How do I accomplish that? What exactly does the clear function of the Hashmap? Can anyone give me a advise how to solve that?

best regards Lars

Some thoughts about switching from PHP to D: http://www.lars-kirchhoff.de/go/journal/section/from-php-to-d/

Author Message

Posted: 09/10/08 09:40:25

Are you forgetting that HashMaps? are classes, and thus reference types?

In this code, the third line serves no purpose since you're only setting the reference (i.e. pointer) list2[list2_key1] to its original value.

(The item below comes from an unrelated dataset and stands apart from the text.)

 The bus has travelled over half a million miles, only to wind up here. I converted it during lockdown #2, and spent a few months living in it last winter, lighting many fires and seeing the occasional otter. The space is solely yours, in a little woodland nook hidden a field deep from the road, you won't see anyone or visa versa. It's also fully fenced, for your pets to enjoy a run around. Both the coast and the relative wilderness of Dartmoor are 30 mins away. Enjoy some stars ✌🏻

tmp_map = list2[list2_key1];
tmp_map[tmp_map_key2] = value;
list2[list2_key1] = tmp_map;	// already refers to this object
// equivalent:
list2[list2_key1][tmp_map_key2] = value;

Then when you call tmp_map.clear next time the function runs, tmp_map is still a reference to list2[list2_key1] so you're also clearing that! And you needn't worry about reinstantiating tmp_map every time the function runs, because it's only a pointer. You are only instatiating an object when you call new HashMap!(...).

Hope this helps.

Posted: 09/10/08 14:16:23 -- Modified: 09/10/08 14:17:32 by
lars_kirchhoff -- Modified 2 Times

Thanks cyborg16,

thats what I thought, that it is a reference only. I already tried your suggestion:

list2[list2_key1][tmp_map_key2] = value;

But unfortunately this produces that error:

tango.core.Exception.NoSuchElementException: missing or invalid key

What I can do is to add if no list2_key1 is in list2:

tmp_map[tmp_map_key2] = value;
list2[list2_key1] = tmp_map;

and later access that by:

list2[list2_key1][tmp_map_key2] = value;

But then all have the reference to the same object, which means all have the same values.

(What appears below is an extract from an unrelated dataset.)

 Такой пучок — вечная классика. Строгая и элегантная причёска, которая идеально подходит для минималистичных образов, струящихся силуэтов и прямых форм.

Here is the complete function:

private void addNodes(uint node1, uint node2, float strength)
{
    if (node1 in list2) {
        list2[node1][node2] = strength;
    } 
    else {
        tmp_map[node2] = strength;
        list2[node1] = tmp_map;
    }
}

Is there any other way to achieve this? I'm still learning how to handle data structures in D.

best regards Lars

Some thoughts about switching from PHP to D: http://www.lars-kirchhoff.de/go/journal/section/from-php-to-d/

Posted: 09/10/08 14:28:01

I've tried to simplify the data structure to

alias hm.HashMap!(uint, uint[], Container.hash, Container.reap, Container.Chunk) myListMap2;

--------------------------------------------------------------
 list_key1 => key_1 | key_2 | key_3 ...
--------------------------------------------------------------
 list_key2 => key_1 | key_2 | key_3 ...
--------------------------------------------------------------
 list_key3 => key_1 | key_2 | key_3 ...
--------------------------------------------------------------

and changed the function to:

private void addNodes(uint node1, uint node2, float strength)
{
    uint[] tmp_arr;

    if (node1 in list2) {
        tmp_arr = list2[node1];
    }

    tmp_arr ~= node2;
    list2[node1] = tmp_arr;
}

This works fine, but produces a segmentation fault with more then 1500 items in list2. It runs fine for less items and produces correct results? Do I miss something? Do I run out of memory or in different memory spaces?

thanks Lars

Some thoughts about switching from PHP to D: http://www.lars-kirchhoff.de/go/journal/section/from-php-to-d/

Posted: 09/10/08 15:18:28

Not sure about the segfault unfortunately. Probably a bug elsewhere. Kris?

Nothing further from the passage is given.